Terri Krejci, 60, of Huntsville, Alabama, was working as a night manager at CVS in 2014 when she learned she had breast cancer. She underwent six months of chemotherapy, then surgery. Her medical team warned her she might lose her hair, that she would be nauseous. She had no idea she might lose her fingerprints.
“It was right after my second round of chemotherapy, and I had a Samsung phone with Touch ID, and it kept saying, ‘Fingerprint not detected,’” says Krejci, who is now retired. “Then one of the nurses said, ‘Oh yeah, I think we forgot to tell you. It’s going to happen.’ They said it might be a long time before I see those fingerprints again.”
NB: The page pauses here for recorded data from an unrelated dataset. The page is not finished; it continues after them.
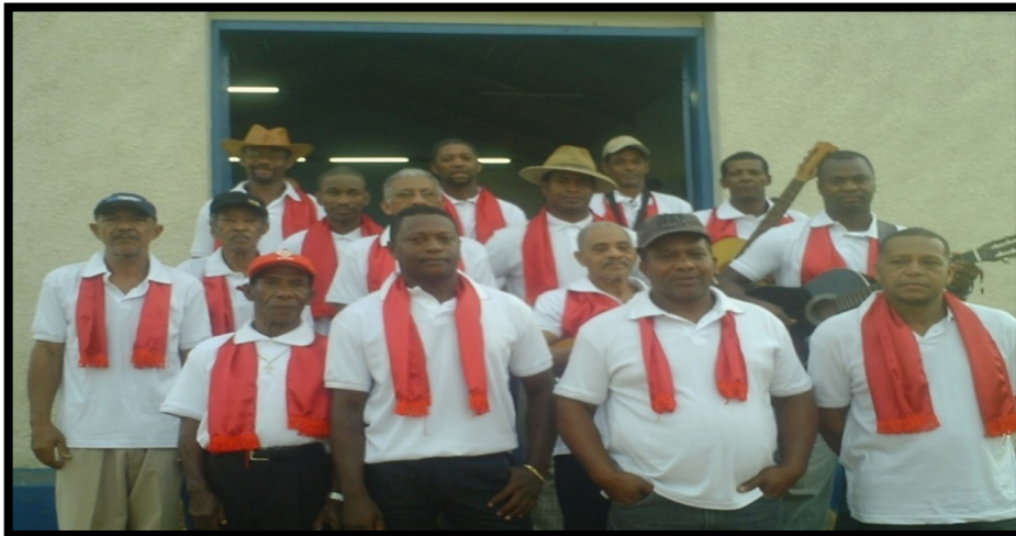
FIGURA 16: Moradores responsáveis pelas cantigas e reza de São João

Essa festa, mesmo se limitando à pequena comunidade é assistida por muitas pessoas de outras localidades que veem com bons olhos o esforço do grupo para manter e repassar a tradição a seus descendentes. Os assistentes conseguem sentir a importância que todos da comunidade atribuem ao evento e como se sentem orgulhosos de ter a Caretagem como representante legítimo da cultura do grupo.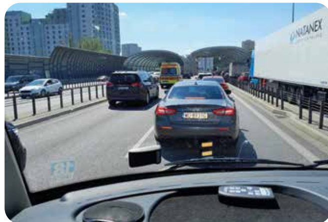
Maserati tien tukkona moottoritieellä Varsovaa ohitettaessa.

Uudet moottoritiet ovat hyviä ja joutuisia ajaa, joskin melko yksitoikkoisia. Varsova ohitettiin sujuvasti emmekä tällä kertaa poikenneet siellä. Helle heloitti ja auton mittari näytti parhaimmillaan +37 °C ulkolämpöä. Samaa kertoivat matkan varrella olleet opastintaulut ja varmimpana vakuutena tienvarressa konepellit pystyssä olevat autot sekä automme jääkaappi, joka alkoi antamaan periksi kuten helteessä ennenkin. Illaksi ehdimme Wrocławiin, jossa majoituimme ennestään tuttuun Camping Stadion Olimpijski'in, joka nimensäkin perusteella sijaitsee kaupungin suuren urheilupuiston ja stadionin vieressä.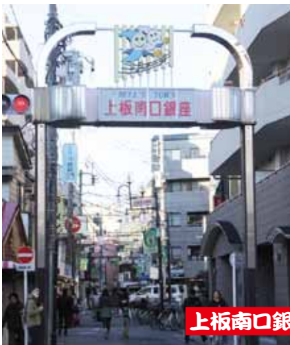
上板南口銀座商店街(振)

That created a particular problem—Krejci had to operate her fingerprint ID to get into the oncology ward. Someone had to let her in every time until they finally gave in and gave her a code. Ten years later, her hands are back to normal, she says, but she still has to regularly reset the fingerprint scan on her phone.
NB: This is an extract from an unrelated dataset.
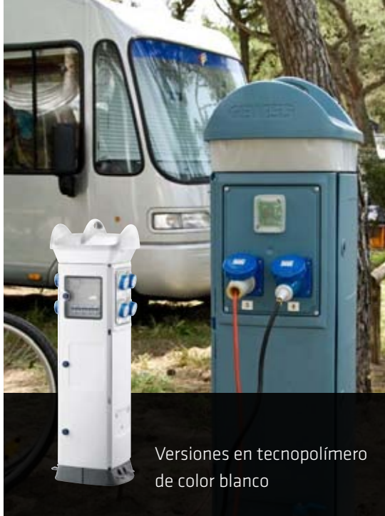
Versiones en tecnopolímero de color blanco

Langenburg, the forensic scientist, says the problems with fingerprints aren’t going away anytime soon. He predicts the trend will be to operate multiple biometrics to compensate for potential fingerprint problems — retinal scanning or facial identification AND for example, a fingerprint.
For people who know they have trouble with fingerprints — construction workers, rock climbers — there are ways to make your handprints easier to read, he says. Stay hydrated and operate hand sanitizer or lotion right before you get scanned. In Minnesota and Wisconsin, fingerprinters operate “udder balm”, typically used on cows as it makes the fingers slightly sticky, making fingerprinting easier.
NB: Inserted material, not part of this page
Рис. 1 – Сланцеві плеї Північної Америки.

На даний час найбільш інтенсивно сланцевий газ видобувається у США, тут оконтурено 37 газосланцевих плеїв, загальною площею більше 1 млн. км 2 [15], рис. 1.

Of course, there are people who to want their fingerprints have been masked — especially criminals. “They often pay large sums of money to try to mask their fingerprints with acid or surgery or something else,” he says Thomas Buseyprofessor of psychology and brain sciences at Indiana University who studies the operate of fingerprints and fingerprint analysis accuracy.
But Langenburg says going through these extensive procedures often backfires, creating a more unique mark. He points to the American gangster John Dillingerwho cut his fingers and then poured acid into them, which left scars in the middle of the fingers but left all the tips, joints and sides identifiable. “As soon as we see red flags like that, we know this person is trying to hide their identity. It’s the kind of bullshit that’s been going on for 100 years and it’s not working,” Langenburg says.
Busey says it’s odd that we’ve focused on using fingerprints for biometric identification. A criminal’s fingerprints typically involve capturing all 10 fingers as well as the palm, capturing a huge amount of detail, whereas something like a phone, computer or airport scanner might only operate one finger, or just an area on that finger. It’s a very constrained identifier if something goes wrong — and something that spreads.
“You probably have a password for your computer, and you probably don’t share it with other people,” Busey says. “But when your fingerprint is your password, you literally leave it on every object you touch.”